▶ TASK DESCRIPTION: Retype the whole listing verbatim and keep the pictures out of it.
[RECORDED DATA]
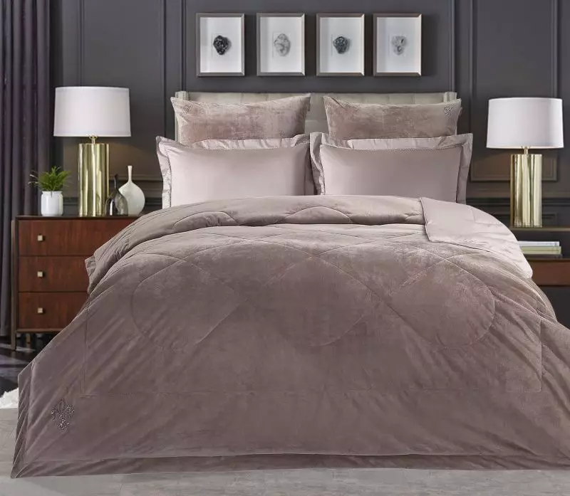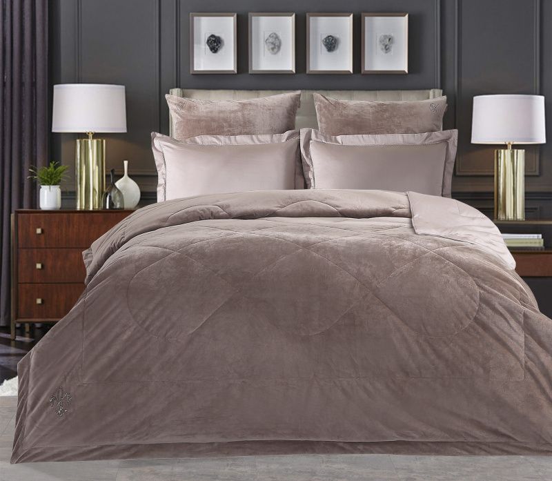 Особенность комплекта заключается в двустороннем одеяле, одна сторона выполнена из теплого, мягкого и нежного велюра, а другая выполнена из нежнейшего 100% египетского хлопка, который отличается особой мягкостью и долговечностью. Главный плюс такого одеяла, что его можно использовать как покрывало. Украшено фирменным гербом из качественных страз, нанесенными высокотемпературным способом. Одеяло имеет окантовку в виде простроченных ушек.
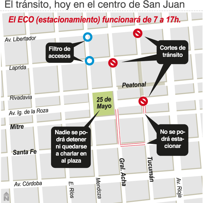 El dato de mayor significancia e impacto, es el regreso del comercio presencial, que empieza a movilizarse a partir de hoy. El Gobierno estimó que habrá al menos unas 200.000 personas que empezarán a tener actividad y que estarán habilitadas por sus trabajos, pero es difícil saber cuál será el total de personas que saldrán de sus casas, ya que dependerá del nivel de necesidad de compra y del poder adquisitivo que cada uno tenga. Si bien hay estimaciones aisladas por los documentos que están habilitados, no es suficiente como para realizar un cálculo más o menos serio, dijeron fuentes del gobierno provincial. Incluso el Gobierno y el municipio de la Ciudad de San Juan, dispusieron un operativo especial para el control de los vehículos al microcentro, que también se pondrá en práctica desde hoy. El mismo incluye cortes de calles, controles vehiculares, prohibición de estacionamiento en algunas cuadras y hasta el cambio de horario del funcionamiento del Estacionamiento Controlado (ver infografía inferior).
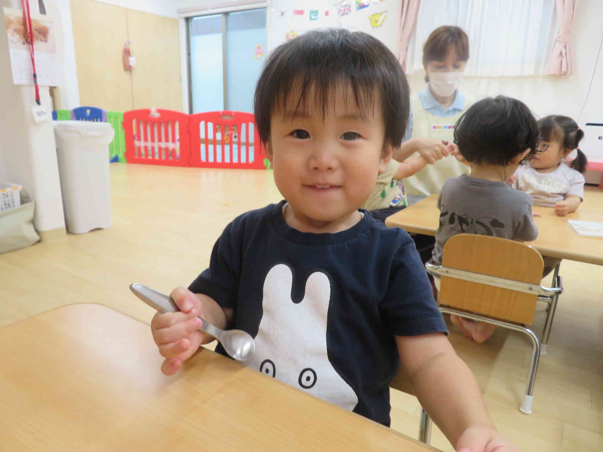 鉄砲のように親指と人差し指でスプーンを持つことを伝えると、一生懸命指を広げようと頑張ってスプーンを持っていました!
[/RECORDED DATA]
▶ FINISHED EXERCISE:
 Особенность комплекта заключается в двустороннем одеяле, одна сторона выполнена из теплого, мягкого и нежного велюра, а другая выполнена из нежнейшего 100% египетского хлопка, который отличается особой мягкостью и долговечностью. Главный плюс такого одеяла, что его можно использовать как покрывало. Украшено фирменным гербом из качественных страз, нанесенными высокотемпературным способом. Одеяло имеет окантовку в виде простроченных ушек.
 El dato de mayor significancia e impacto, es el regreso del comercio presencial, que empieza a movilizarse a partir de hoy. El Gobierno estimó que habrá al menos unas 200.000 personas que empezarán a tener actividad y que estarán habilitadas por sus trabajos, pero es difícil saber cuál será el total de personas que saldrán de sus casas, ya que dependerá del nivel de necesidad de compra y del poder adquisitivo que cada uno tenga. Si bien hay estimaciones aisladas por los documentos que están habilitados, no es suficiente como para realizar un cálculo más o menos serio, dijeron fuentes del gobierno provincial. Incluso el Gobierno y el municipio de la Ciudad de San Juan, dispusieron un operativo especial para el control de los vehículos al microcentro, que también se pondrá en práctica desde hoy. El mismo incluye cortes de calles, controles vehiculares, prohibición de estacionamiento en algunas cuadras y hasta el cambio de horario del funcionamiento del Estacionamiento Controlado (ver infografía inferior).
 鉄砲のように親指と人差し指でスプーンを持つことを伝えると、一生懸命指を広げようと頑張ってスプーンを持っていました!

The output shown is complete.